In the demo, I took part in a multiple-stage event on the jungle floor. Mordrem forces were harassing a pact outpost, and I was tasked with helping to clear them out. Players organised into numerous related roles – killing enemies, planting bombs and providing sniper cover from a cliffside vantage point. These parallel tasks are designed to keep events varied across multiple attempts, yet still form a cohesive objective across the event as a whole.

With the Mordrem dispatched, I was sent off to fight the Wyvern – a new legendary tier boss. Guild Wars 2’s boss design has become far more complex over time, going from simple challenges like Shadow Behemoth and Shatterer to the more involved Twisted Marionette and reworked Tequatl. The Wyvern seems like a natural progression of that trend. His napalm-like fire breath stuck to the metal platform my group was fighting on, reducing our battleground. As we failed to stun him at a crucial moment, he took off – flying overhead and laying down strips of fire, thus dividing us and making it difficult to resurrect downed players. It was a tough fight, and all the better for it.

Heart of Thorns

As this is a Guild Wars 2 expansion, dragons are at the centre of Heart of Thorns. Specifically, an elder dragon called Mordremoth. At the end of the Living World updates he was revealed as the original creator of the Sylvari – the game’s playable plant race. In the opening cutscene, it’s revealed that many Sylvari turned to Mordremoth’s side when they entered the jungle. It’s a new direction for the story to take. Previously, the game’s sense of cooperation and togetherness bordered on saccharine. Now, mistrust and suspicion are rife. It’s not yet clear how strong the dragon’s control is over the race, nor how it will affect the way Sylvari players are treated.

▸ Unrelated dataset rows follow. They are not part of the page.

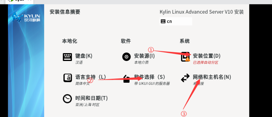 废话不多说,开装老规矩VM虚拟机走起,(我练习安装的麒麟版本是Kylin-Server-10-SP1-Release-Build04-20200711-x86_64)
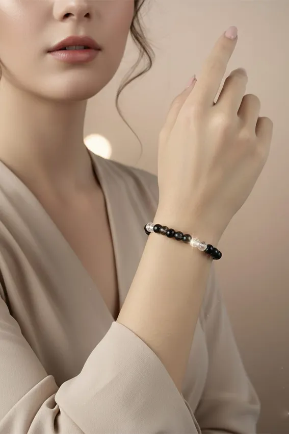 أضيفي لمسة من الفخامة والهدوء إلى معصمك مع هذه الإسوارة المصنوعة يدوياً من أحجار طبيعية مختارة بعناية. تتميز بتصميم يجمع بين التباين الكلاسيكي للأحجار السوداء والشفافة، مما يجعلها قطعة مثالية تتناسب مع مختلف الإطلالات، من الكاجوال إلى الرسمية.
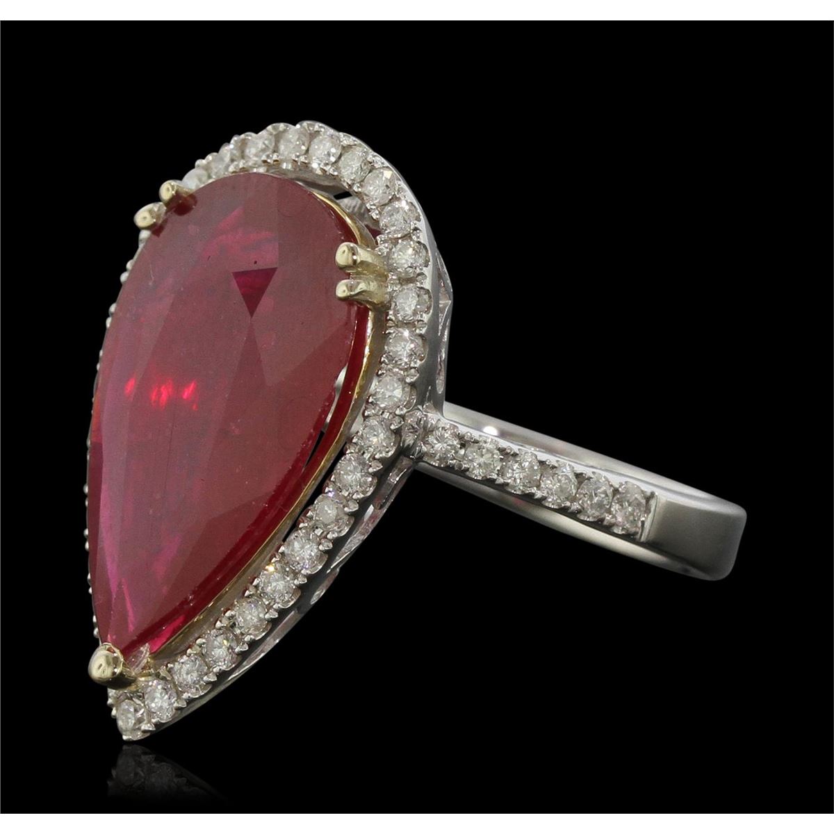 One electronically tested 14KT white gold ladies cast ruby and diamond ring with a bright polish finish. Condition is new, good workmanship. The featured ruby is set within a diamond bezel supported by diamond set shoulders, completed by a three millimeter wide band. Identified with markings of "14K". Containing: One prong set pear mixed cut natural ruby, measuring 19.00 x 11.50 x 3.60mm, 15%. bulge factor, approximate weight of 7.24ct., clarity is heavily included, type II, medium dark, very slightly brownish, red color, (GIA R 6/3), cut is good. Transmitting light somewhat diffusely, transparent to translucent. Naturally occurring internal & external characteristics are present. Indications of laboratory high temperature heat treatment, with glass & flux additives. Colored Stone Grading Report attached. Graded in the setting. Ruby has a low tolerance to rhodium plating, repolishing the surface, & ultrasonic cleaning. Forty-Six prong set round brilliant cut diamonds, measuring 1.60 - 1.20 x 0.84mm (depth est.) approximate. Total Weight of 46 Stones = 0.56ct. Graded in the setting. Clarity: SI-1 to I-1. Color: G - I. Total Weight of Colored Stones 7.24ct. Total Weight of Diamonds 0.56ct. Total Weight of Ring 6.92grams. AIG Appraised at $4,795.00.

“It’s been fun for us, because before we even made Sylvari that was the plan,” says Isaiah Cartwright, lead designer. “The narrative we want to tell is that there is almost a racism in the game now... people don’t know which Sylvari is good and bad, and that naturally makes everyone think all Sylvari are bad. Being a Sylvari while navigating that is really fun.”

More than ever, Guild Wars 2’s story will be venturing out of instances. Even Heart of Thorns’ new profession, the Revenant, is tied deeply to the game’s lore. A heavy armour class, the Revenant works by channelling the spirit of legends – historic figures who will be recognisable to players of the first Guild Wars. There are five legends available, and you can switch between them much like the Elementalist switches between elements. The difference is that legends are more than just a power set. They have a personality, too.

The demo provided two such legends and both offered a dramatically different playstyle, changing the healing, utility and elite skills. Taking the power of jovial dwarf king Jalis Ironhammer, I gained more survivability options, more support options and, more crucially than either, giant floating hammers that rotated violently around my character. The other legend, the demon Mallyx the Unyielding, was entirely different. His focus is on status effects, and the more I collected, the more damage my character could output. Even healing works on this principle – providing HP based on the number of conditions my character was carrying. It’s a new way of playing that encourages tactically taking damaging debilities.

Heart of Thorns will also introduce a new Guild Hall system, and new PvP and world-versus-world maps. There are plenty of bullet points in its feature list, but the reason I’m excited is that this expansion lays the foundation for the game’s future. For ArenaNet, it’s not just about the next year of the game’s life, but about the next two, three, four years and beyond. If all goes well, we’re about to enter the next era of Guild Wars 2’s development. As someone approaching 500 hours in its existing incarnation, I couldn’t be happier.